* [ASSIGNMENT] Skipping all pictures, print exactly the lines below from the one with "T型槽螺母 T-slot nuts" through the final line.

━━ DATA EXTRACTS ━━

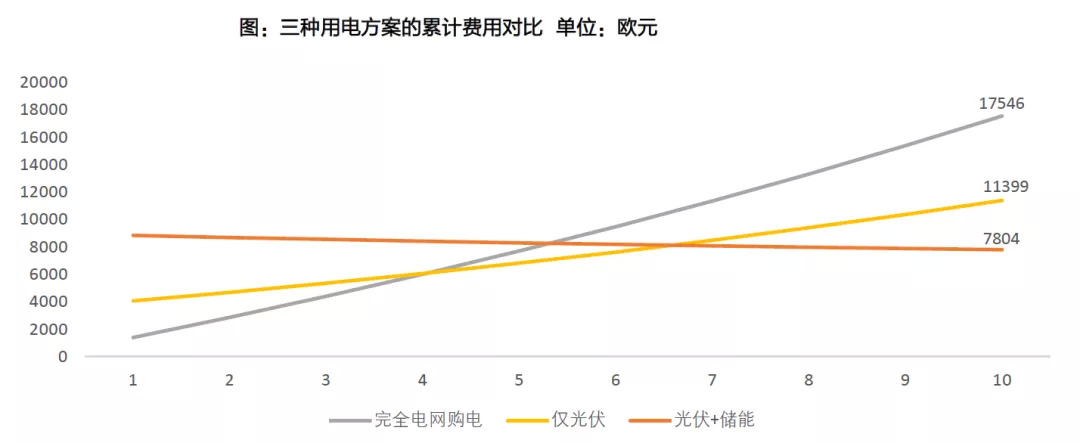 德国是高电费国家,也是光伏与储能系统走在最前列的国家,且他的政策要求了电池系统必须具有10年质保期。因而我们以德国为例,根据Solarpower EU的数据,德国家庭在30%补贴的情况下,十年的费用测算对比如下。
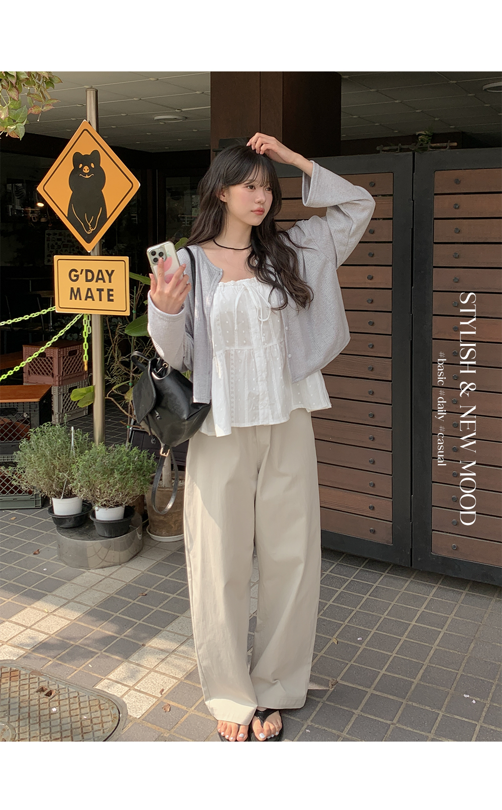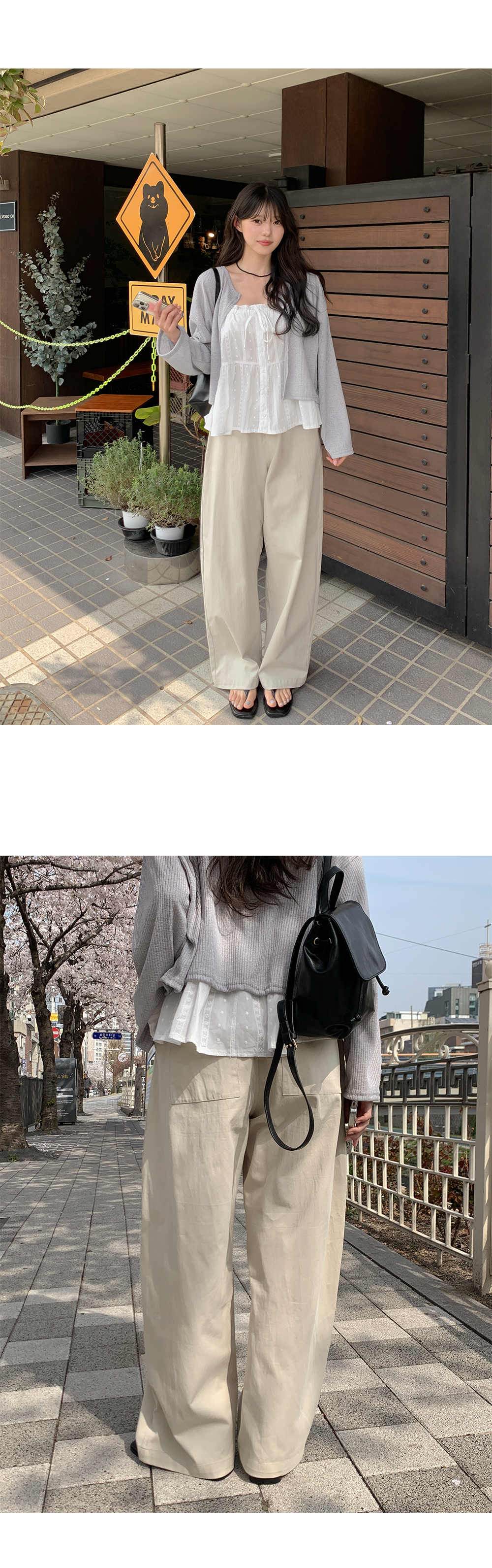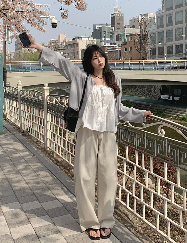 과하지 않게 툭 떨어지는 아웃핏이 하체 라인을
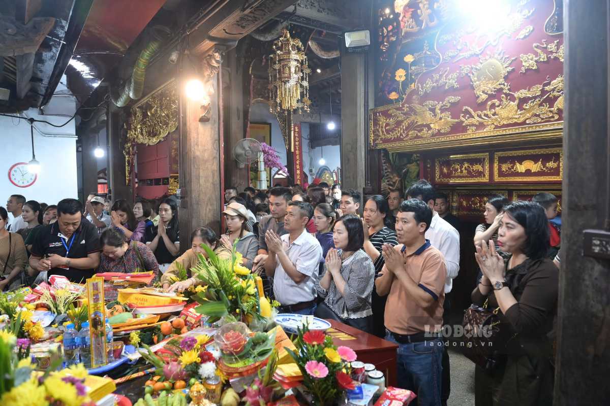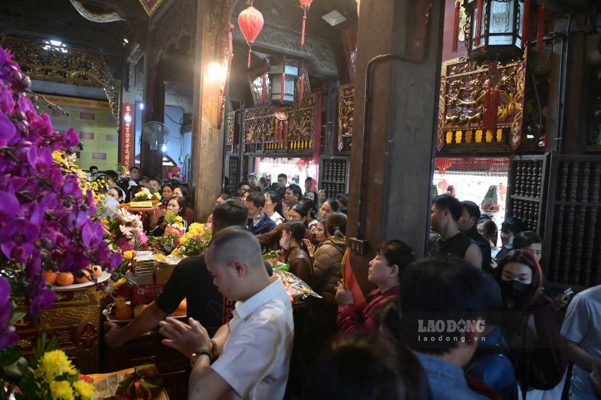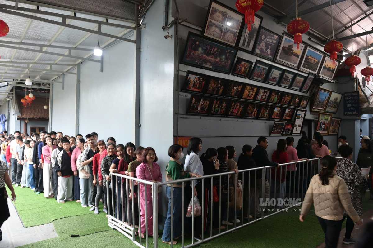 And at Tien Huong Palace, people lined up to wait to worship in the forbidden palace area - the place of worship of Saint Mother Lieu Hanh. Ms. Thu Trang (in Y Yen commune, Ninh Binh province) shared: "I lined up for about 20 minutes before it was my turn to worship inside the forbidden palace. Although crowded, everyone was serious, without jostling.
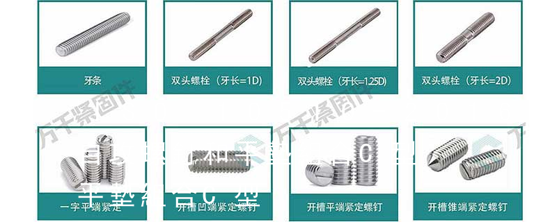 T型槽螺母 T-slot nuts 單頭螺柱 Single end studs 地腳螺栓 Masonry bolts 帶槽圓螺母 Slotted round nuts 端面帶孔圓螺母 Round nuts with drilled holes in one face 開(kāi)槽平端緊定螺釘 Slotted set screws with flat
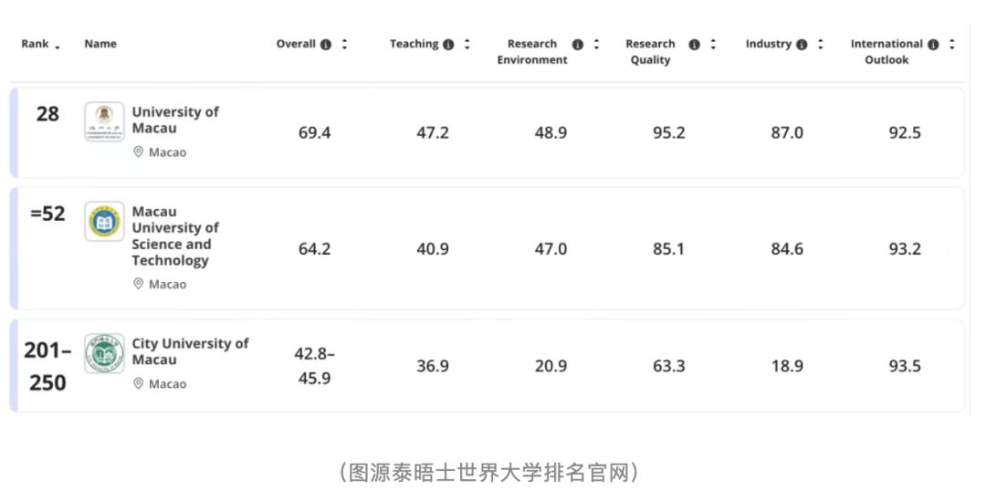 澳门大学:亚洲第 28 位,建校以来闯入亚洲前 30,历史性突破 澳门科技大学:亚洲第 52 位,综合实力稳步上升 澳门城市大学:正式登榜 THE 亚洲排名

━━━

* [WRITTEN ANSWER]
 T型槽螺母 T-slot nuts 單頭螺柱 Single end studs 地腳螺栓 Masonry bolts 帶槽圓螺母 Slotted round nuts 端面帶孔圓螺母 Round nuts with drilled holes in one face 開(kāi)槽平端緊定螺釘 Slotted set screws with flat
 澳门大学:亚洲第 28 位,建校以来闯入亚洲前 30,历史性突破 澳门科技大学:亚洲第 52 位,综合实力稳步上升 澳门城市大学:正式登榜 THE 亚洲排名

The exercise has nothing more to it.